И даже, если бы впервые, причем тут бесстрашие? Извините, но чтобы сказать «хуй», никакой смелости не нужно. Смелость нужна, чтобы не сказать это.

Однако с термином «бесстрашие» я согласен полностью.

Ну а какое еще качество требуется для того, чтобы войти в пустое ночное море отчаяния? Вдали от огоньков, теплых человеков и запахов простого уютного жилья. Войти и поплыть неизвестно куда, все дальше от берега?

Фарид Нагим и его герои вошли в это море, полное страшных рыб и утопленников и неизведанных ужасов, и теплых волн, и жестокой боли задыхающихся в абсолютном одиночестве на холодных глубинах. Отчаяние растерянности. Отчаяние вопросов, на которые нет ответов, отчаяние непонимания, что происходит со страной, с искусством, с любовью. Непонимание того, нужны ли вообще эти искусство и любовь. Каковы они? Каков я? Вот какие вопросы задает это отчаяние. И вот что мучило меня при повторном прочтении.

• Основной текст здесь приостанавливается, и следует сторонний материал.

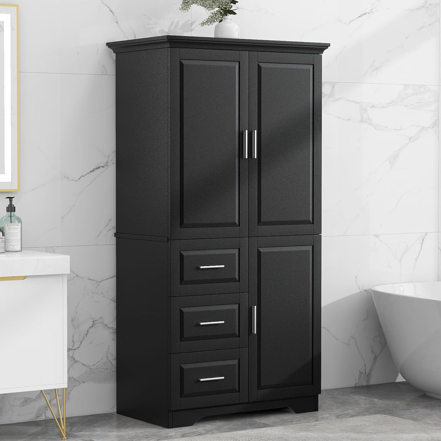 More Information Material MDF board, painted finish Shape Rectangle Capacity 35lbs/shelf, 20lbs/drawer Adjustable Shelf Yes Number of Drawers 3 Number of Doors 2 Anti-dumping Device Yes Package Include Cabinet, hardware, instruction Assembly Required Yes Country of Origin China Certificate CARB P2

И еще. Художник, то есть автор... А может быть, не автор, а его герой. Кто-то из них отдельно от другого, или оба вместе, заодно, не выдержали этого груза отчаяния (оно неподсильно для человека), и чтобы справиться с задаванием вопросов на сотнях страниц — они умертвили всех персонажей романа. Как бабочек!!!

Поймите правильно. Погибает только Серафимыч, нежнейшая из бабочек. Все остальные ходят, пишут, читают, прижимаются друг к другу, пьют водку и плачут. Но — как уже мертвые.

Отсюда губы (эвфемизм). Отсюда тяжесть продирания сквозь предложения и абзацы. Отсюда мучения от задавания самому себе тех вопросов, которых ты годами себе не задавал. Отсюда постаревшее лицо в зеркале. И отсюда благодарность автору.

Друзья мои, от читателя романа Фарида Нагима «Танжер» тоже требуется бесстрашие. И если вы решитесь (а я достаточно, на мой взгляд, вас предостерег) и проявите его, то будьте готовы потом бесстрашно посмотреть на себя в зеркало — и это не метафора. Там будет взросление и даже старость.

Но все-таки, если сможете, то через время после этого «потом» вы увидите в зеркалах свежий блеск умудренных глаз своих. А все свежее — молодое. Так что не бойтесь постареть, читая этот роман.

Такие дела, леди и джентльмены.

Перед вами роман, требующий работы. Не в смысле пилить рельсы или писать программу для ИИ. А настоящей человеческой работы. Ведь мы осенены? Так ведь?

Андрей В. КОРОВИН

ПЕЧАЛЬНАЯ СПАЗМА ЛЮБВИ

Однажды один мой друг, талантливо пишущий человек, как-то сказал, что никогда не сможет быть писателем. Я спросил, почему? Он ответил: «Понимаешь, я не могу перейти какую-то очень важную грань. А без этого я не смогу писать». Что ж, у каждого свои способы, свои грани, помню, подумал я тогда.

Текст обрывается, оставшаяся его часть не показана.